"""

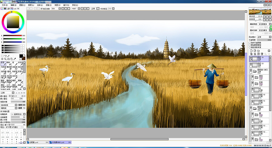 西林插畫師從“水韻”中提取元素,著重描繪水的流動性,以線條為主,體現(xiàn)復(fù)古風(fēng)格。插畫中穿插泰來縣特有的文化標(biāo)志建筑,與插畫形成統(tǒng)一,實現(xiàn)“水韻”這一主題。
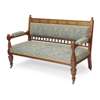 the back with spindle gallery and inlaid with panels of flowers, later upholstered with Morris and Co 'Bluebell' fabric, above open arms and close-nailed upholstered seat, raised on turned and blocked legs
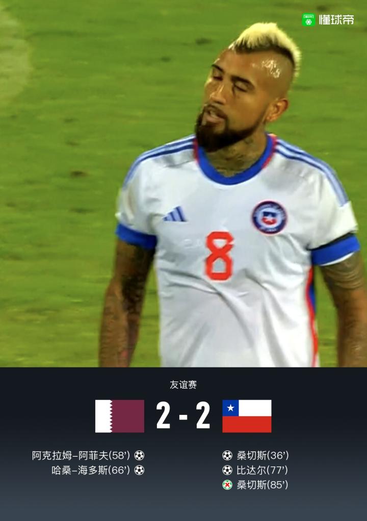 北京时间9月28日1点,一场国际足球友谊赛在奥地利维也纳进行,由卡塔尔对阵智利。上半场桑切斯的远射被巴沙姆神勇扑出,随后卡塔尔由海多斯高速插入禁区制造威胁。接着智利的苏亚索前场抢断阿菲夫后,助攻桑切斯抽射破门。下半场落后的卡塔尔加强攻势,阿菲夫禁区里近距离打门高出,随后他抓住智利队后场解围失误,低射破门为卡塔尔扳平比分。接着海多斯的世界波破门为球队取得领先。智利队则由布里尔顿助攻比达尔破门顽强追平,桑切斯尾声阶段射失点球。最终卡塔尔2-2智利。
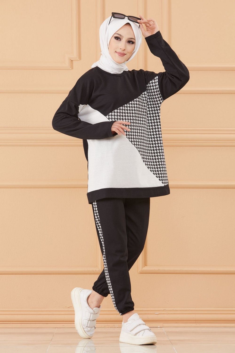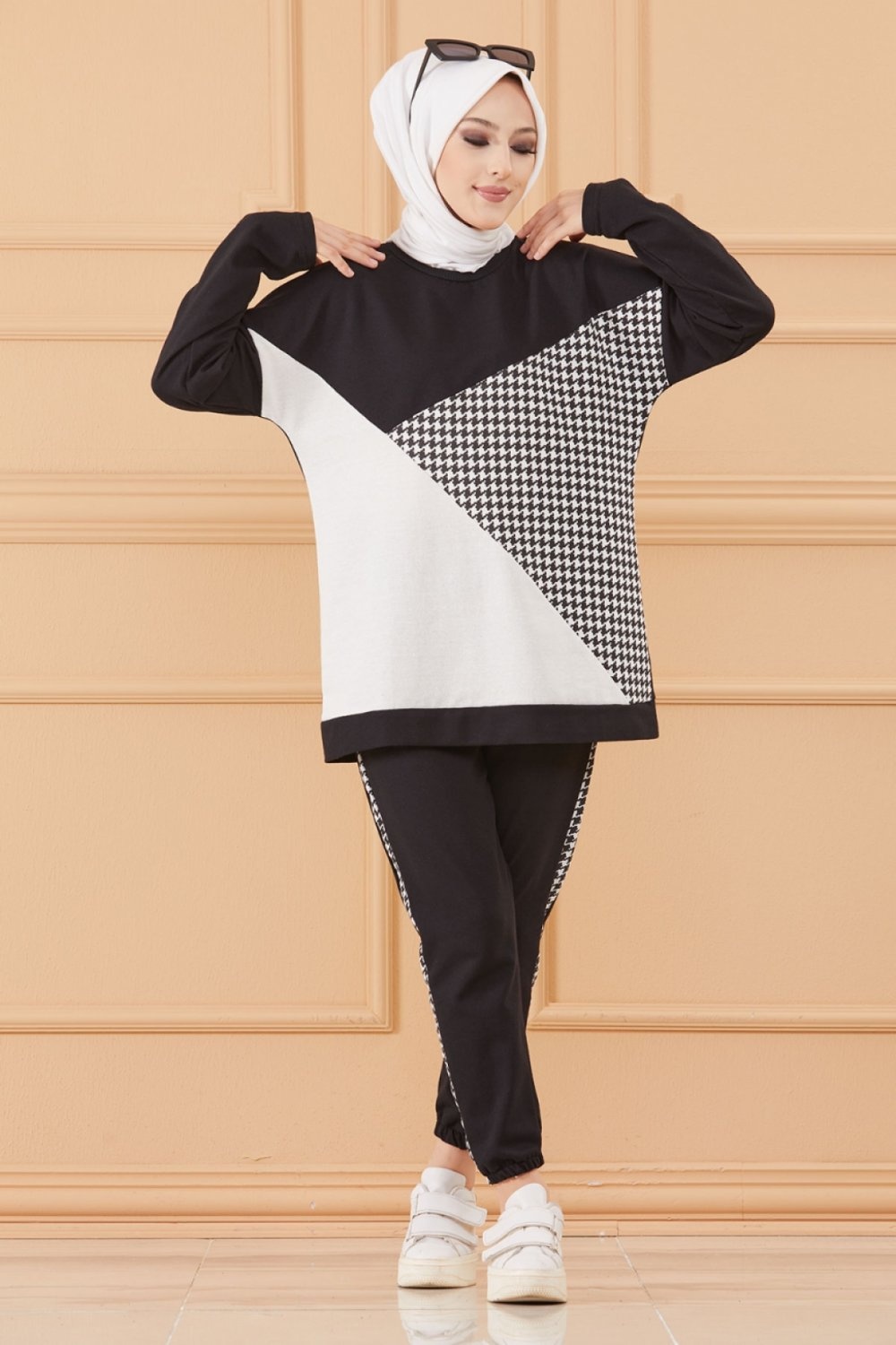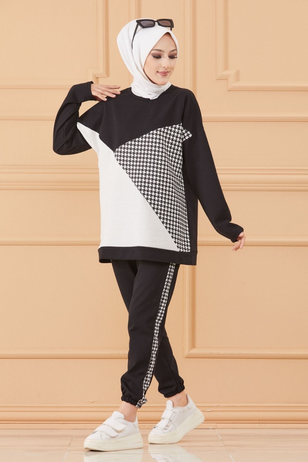 Survêtement original ample bicolore (Tenue Décontractée et Sport pour Hijab) - Couleur noir et blanc Vetement & Accessoire

"""

WHAT THE TASK REQUIRES. All of the data above should be transcribed verbatim, with pictures omitted.

REPLY TO THE EXERCISE.
 西林插畫師從“水韻”中提取元素,著重描繪水的流動性,以線條為主,體現(xiàn)復(fù)古風(fēng)格。插畫中穿插泰來縣特有的文化標(biāo)志建筑,與插畫形成統(tǒng)一,實現(xiàn)“水韻”這一主題。
 the back with spindle gallery and inlaid with panels of flowers, later upholstered with Morris and Co 'Bluebell' fabric, above open arms and close-nailed upholstered seat, raised on turned and blocked legs
 北京时间9月28日1点,一场国际足球友谊赛在奥地利维也纳进行,由卡塔尔对阵智利。上半场桑切斯的远射被巴沙姆神勇扑出,随后卡塔尔由海多斯高速插入禁区制造威胁。接着智利的苏亚索前场抢断阿菲夫后,助攻桑切斯抽射破门。下半场落后的卡塔尔加强攻势,阿菲夫禁区里近距离打门高出,随后他抓住智利队后场解围失误,低射破门为卡塔尔扳平比分。接着海多斯的世界波破门为球队取得领先。智利队则由布里尔顿助攻比达尔破门顽强追平,桑切斯尾声阶段射失点球。最终卡塔尔2-2智利。
 Survêtement original ample bicolore (Tenue Décontractée et Sport pour Hijab) - Couleur noir et blanc Vetement & Accessoire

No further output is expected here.